By Marcelo Delima, Global Product Marketing Manager at HPE Security Data Security


Throughout federal, state, and local governments, the digital revolution is driving an exponential
growth of high-value data. Personally identifiable information (PII) is collected on government
employees, taxpayers, students, retirees, military personnel, and anyone doing business with
the government.

This data is a valuable resource that has the potential of transforming the government as we
know it. Big data analytics could allow for better allocation of resources and more efficiency;
transparency initiatives could allow better citizen services and more accountability, and data
sharing could enable better coordination between agencies in key fields such as national
security, healthcare or education.

But this same data is also highly prized by cyber-criminals, malicious insiders and nation-states.
The challenge is how to protect the data, but in such a way that it can still be safely shared and
analyzed by data scientists in its protected form.

Government under attack

Federal and state government agencies disclosed a total of 203 data breaches between 2010
and 2016, with 72 breaches in 2016 alone. In the majority of cases, government breaches
involved personal information such as names, Social Security numbers, and birthdates.

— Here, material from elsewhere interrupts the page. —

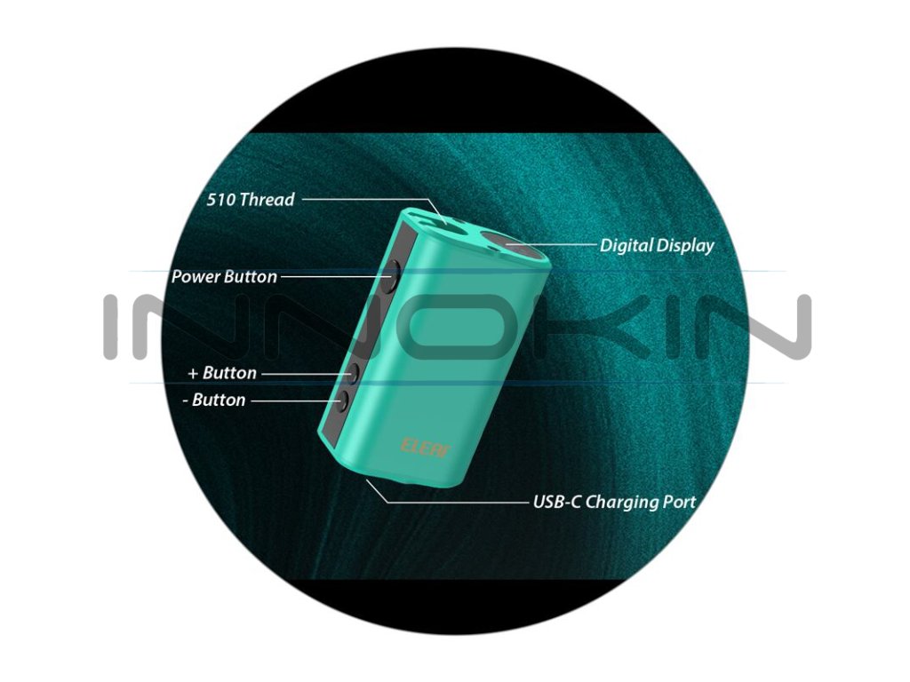 Mod dokáže zaujmout také z hlediska celkového nastavení a ovládání. Ve vrchní části se nachází praktický displej, který zobrazuje aktuální hodnotu výstupního napětí, nebo procentuální stav nabití baterie. Na modu lze regulovat výstupní napětí v rozsahu 2.6 - 5.0 V pomocí regulačních tlačítek na předním ovládacím panelu. Díky intuitivnímu ovládání a nastavení si budou s modem skvěle rozumět také začátečníci. Přímo vedle displeje je ve vrchní části umístěn také tradiční závit typu 510 pro osazení vlastním atomizérem. Výrobce doporučuje osazovat mod atomizéry s průměrem do 16.5 mm, mod se proto hodí zejména pro kompaktnější MTL atomizéry. Skvěle si bude rozumět například s MTL sérií atomizérů Eleaf GS a s tanky, jako je například GSTurbo, nebo GS Drive Tank. Sympatický a kompaktní společník pro každodenní vaping je v nabídce v šesti barevných variantách.

The United States Office of Personnel Management (OPM) alone experienced the theft of PII
and security clearance background investigation information for 22.1 million individuals in 2015.

The growth in data breaches is a proof that the most common cybersecurity measures—
firewalls, intrusion prevention systems, antivirus software, and other security technology
operating at the network and endpoint layers—are increasingly ineffective against advanced
cyberattacks, leaving gaps where data is exposed.

The data security challenge

Government entities have some of the same challenges faced by private sector corporations,
including:

- Big data and data sharing: Government agencies are challenged with providing better
citizen services and being more transparent, but that requires increased data sharing
between agencies and with contractors. It also requires big data analytics and adoption
of new technologies to manage the "data lake" such as Hadoop.